Question

A country's population in 1990 was 134 million. In 2000, 139 million. Estimate the population in 2014 with P=Ae^kt, while rounding k to the nearest 4 decimals.

Answer 1

Think of the year 1990 as time \(t=0\). Then according to the model, \(P=Ae^{kt}\), when \(t=0\) the population is \(P=A=134\) (ignore the "million" for now; you can always just multiply by it later).

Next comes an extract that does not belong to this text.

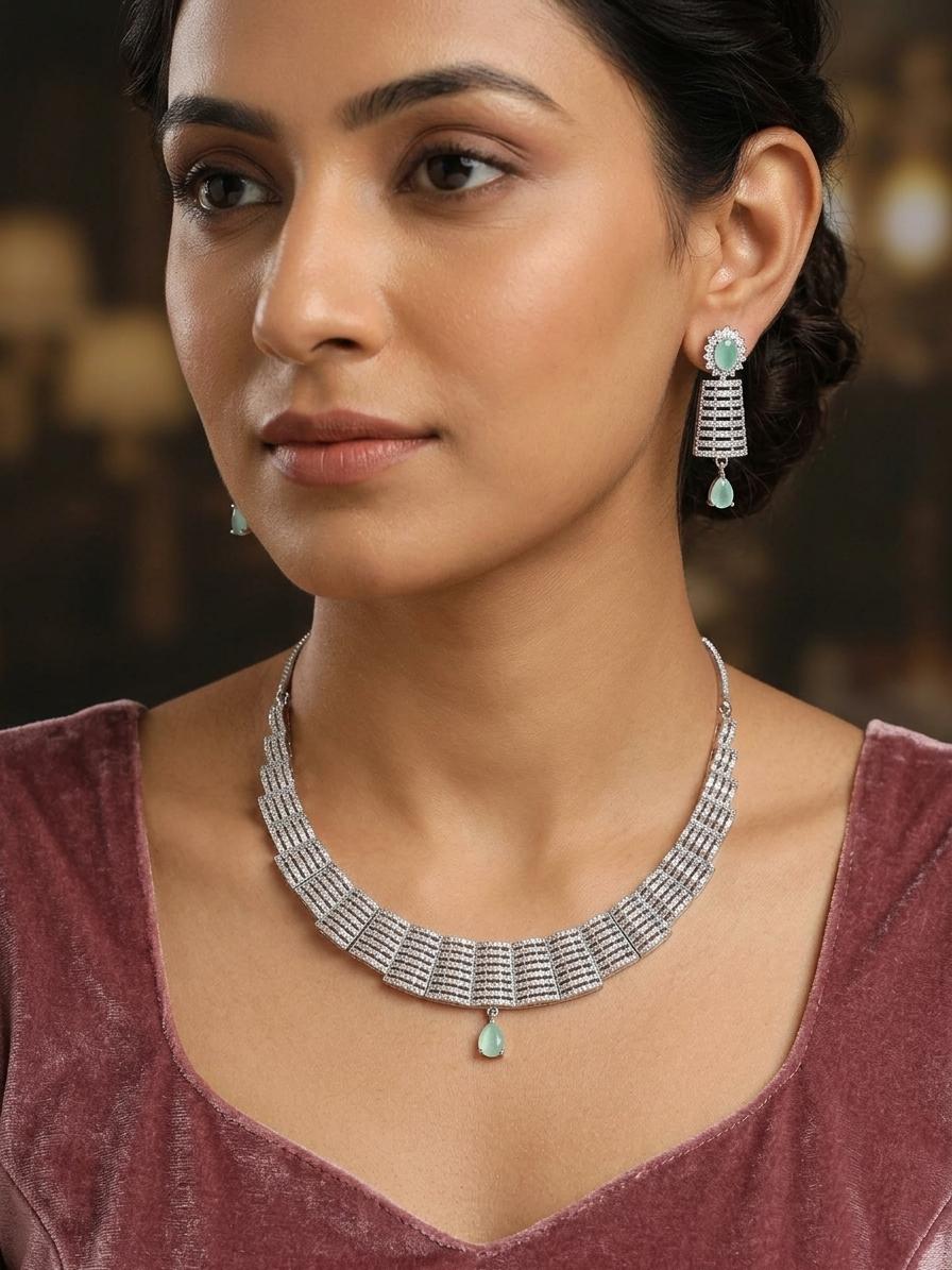 Unique Design Stone Studded Embellished American Diamond Necklace Set With Earrings

2000 is ten years after 1990, so \(t=10\) represents the year 2000. You want to find the relative growth factor \(k\) by solving this equation:
\[\large139=134e^{10k}\]

Answer 2

That's where I keep getting stuck. Going from thee, I'm getting 14e^(3.6621*24) which is giving me something like 1.9834, but shouldn't it be giving me an answer around 146-7?

Answer 3

i mean 134 not 14

Answer 4

\[\large\begin{align*}
139&=134e^{10k}\\\\
\frac{139}{134}&=e^{10k}\\\\
\ln\frac{139}{134}&=10k\\\\
k&=\frac{1}{10}\ln\frac{139}{134}\\\\
k&\approx\cdots\end{align*}\]

Answer 5

K would be about 1.5124?

Answer 6

No, it's a lot smaller than that... Make sure you're typing it properly into your calculator.

Try (1/10)*ln(139/134)

Answer 7

I already skipped the question, but there's another one like it with 156 million in 1990, 162 mil in 1996, est it in 2016. I'm at (1/6)*In(1.038), but I keep getting 6.216 which seems way too big of a number

Answer 8

At \(t=0\), \(P=A=156\) (million, but again you can ignore that detail). At \(t=6\), \(P=162\).

So you have
\[\large 162=156e^{6k}~~\Rightarrow~~k=\frac{1}{6}\ln\frac{162}{156}\approx\cdots\]
Once you find \(k\), plug it into this eq. and solve for \(P\):
\[\large P=156e^{16k}\]
Do you have the right value of \(k\)? I'm getting about 0.00629, and a final population of about 173.

Answer 9

I think I was reading the calculator wrong or something, wasn't taking in the E-03 at the end of the number. I think I might be able to get it from here

Answer 10

Yeah the E-03 is notation for \(\#\times10^{-3}\). So if you have \(6.216\text{E}(-3)\), that's equivalent to \(6.21\times10^{-3}=.00621\).